We climbed to the top of the tower, which has 34 ramp segments rather than stairs.  The segments are tall and wide enough to allow the muezzin, in charge of calling people to prayer, to climb to the top on his horse.  The Christians added the final stairs with 17 steps leading up to the bells.

After a couple hours in the cathedral we walked the main shopping area in the city.  The pedestrian only streets are full of some higher-end stores, some mainstream stores and the end of the lane is anchored by an El Corte Ingles Spanish department store.  It's like Macy's and Fred Meyer in one.  You can get just about anything in there.  

We had dinner about 20 feet from our hotel this night at Bodega Santa Cruz Las Columnas.  We noticed right away the locals eat here.  The menu is a board on the wall, in Spanish, and the wait staff keep track of your order by writing down the amounts of the tapas you consume with a grease pencil.  Once you pay, the barkeep wipes away your order and goes to the next.  We just took a stab and called out some things on the menu accompanied with a cervesa (beer).  Each dish cost 2-2.50 euros so if you don't like it, no problemo.  One interesting dish was chorizo cooked with crashed egg (fried egg) which was covered in a tomato-ish sauce and lima beans and served with a thick slice of fresh bread.  I liked it, Dean didn't,  We also tried the gazpacho ... my my MY!!!!!!  Wow, was it good.  They served it in a small drinking glass with an ice cube.  We drank our soup just like we drank our beer.  No messy, dripping (or leaking) spoons.  This is how soup  should be served.  We finished the meal with a little spot of ice cream and a short walk.

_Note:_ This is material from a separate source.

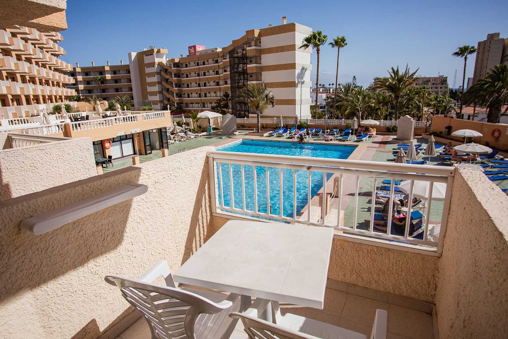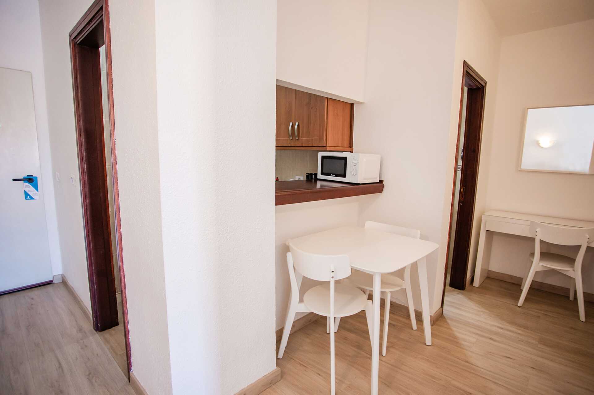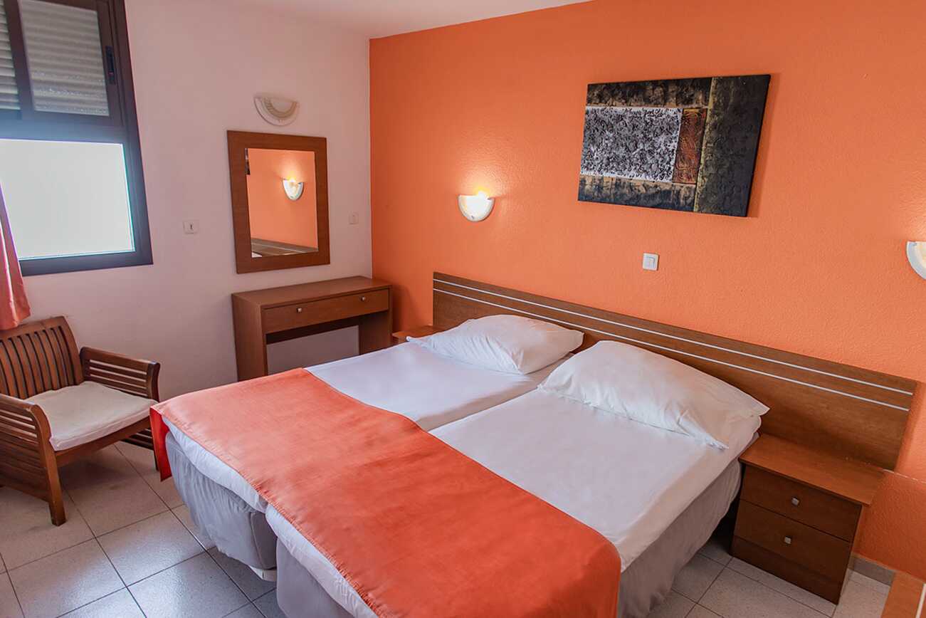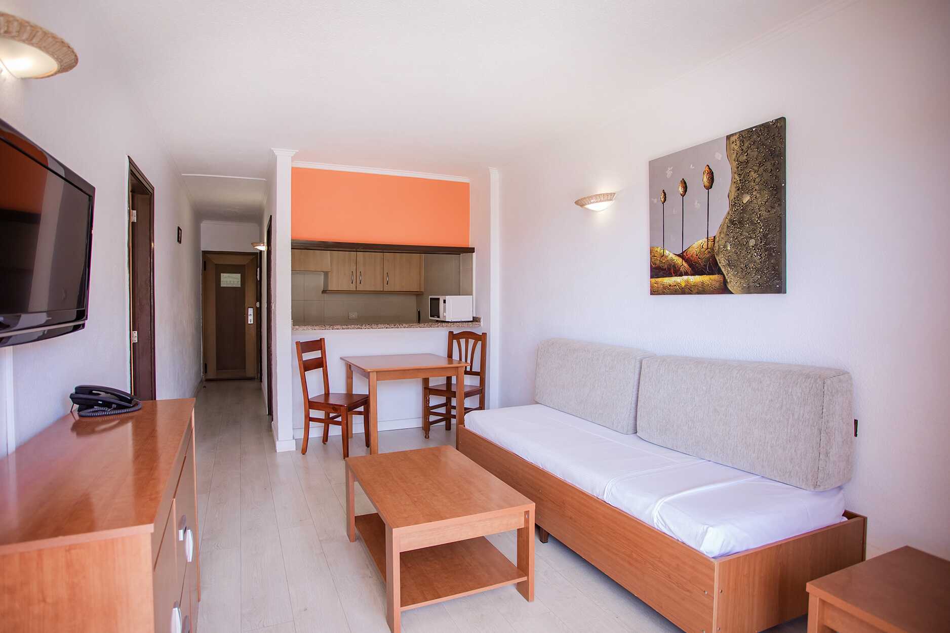 Yksiö maaterassilla ja näköalalla uima-altaalle. Yhdistetty makuuhuone ja olohuone, jossa on minikeittiö. Kaksi yhden hengen sänkyä. Lisävuodemahdollisuus vuodesohvasta. Minikeittiö, jossa keittolevyt, jääkaappi, mikroaaltouuni, vedenkeitin ja peruskeittiölaitteet. Maksuton wifi. Tallelokero lisämaksusta. Tv kansainvälisillä kanavilla. Kylpyhuoneessa suihku ja wc. Siivous 5 krt/viikko.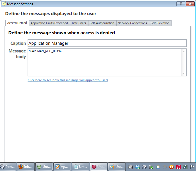 Obviously, if we have seven or eight different AD groups with environment variables mapped to the various translations, you need to keep the environment variable names the same across each group, otherwise you will soon get lost 🙂 Thinking about this, it’s probably better to call the environment variables names like %APPMAN_MSG_AccessDenied% and %APPMAN_MSG_AppLimitsExceeded% rather than the numerical format I chose, which would make things easier to work through for your support teams.

below: the cathedral high alter

below: the tomb of Christopher Columbus

below: ramp and bells inside Giraldi Tower

below: view of Sevilla from top of Giraldi Tower

Day 8 - Sevilla

Today we visited Real Alcazar, the royal palace in Sevilla.  Originally a 10th century palace built for the govenors of the local Moorish state.  Today it still functions as a royal palace and is the official residence when the Spanish royals are in town.  For a thousand years it has been the centre of power and a royal residence.  The palace of King don Pedro was not finished until the 14th century, and has been enlarged since.  It is one of the best examples of Mudejar (moodee-har) style and it is the oldest palace in use in Europe.  There are spectacularly decorated halls and the courtyards have a distinctive Islamic-style.  Can you tell the differences between Muslim and Christian architecture?

Before siesta, we stopped at the Bodega Santa Cruz again for a 'glass' of gazpacho - delicious on this warm and sunny afternoon.

After a short siesta we headed out to a Flamenco show at the Museo del Baile Flamenco.  The one hour show was full of passionate emotion (pain, joy, seduction and love), great guitar music, double jointed wrists and the superhero fast dancing feet.  It's loud with stomping, clapping, singing and random shouts of "OLE!".  The vocals had a muslim feel about them, which makes sense given the history of this remarkable city.  Personally, we could have done without the singer, not because of the style but because he was annoying.  The dancers were fantastic.

Tomorrow we have no agenda.  We're going to walk to the river, wander around the barrio and probably do a little shopping.  There are local craftsman in Sevilla, which is a treat since we haven't seen it in Spain on either visit.  

On a totally different note, we've found ourselves enjoying and competing with the health app on our iPhones.  The app counts/tracks steps, flights climbed and miles walked.  Dean got cheated out of at least 9 flights when we climbed the tower a couple days ago.  We've been speculating since the tower has ramps rather than stairs, it messed with the app.  Dean is still peeved.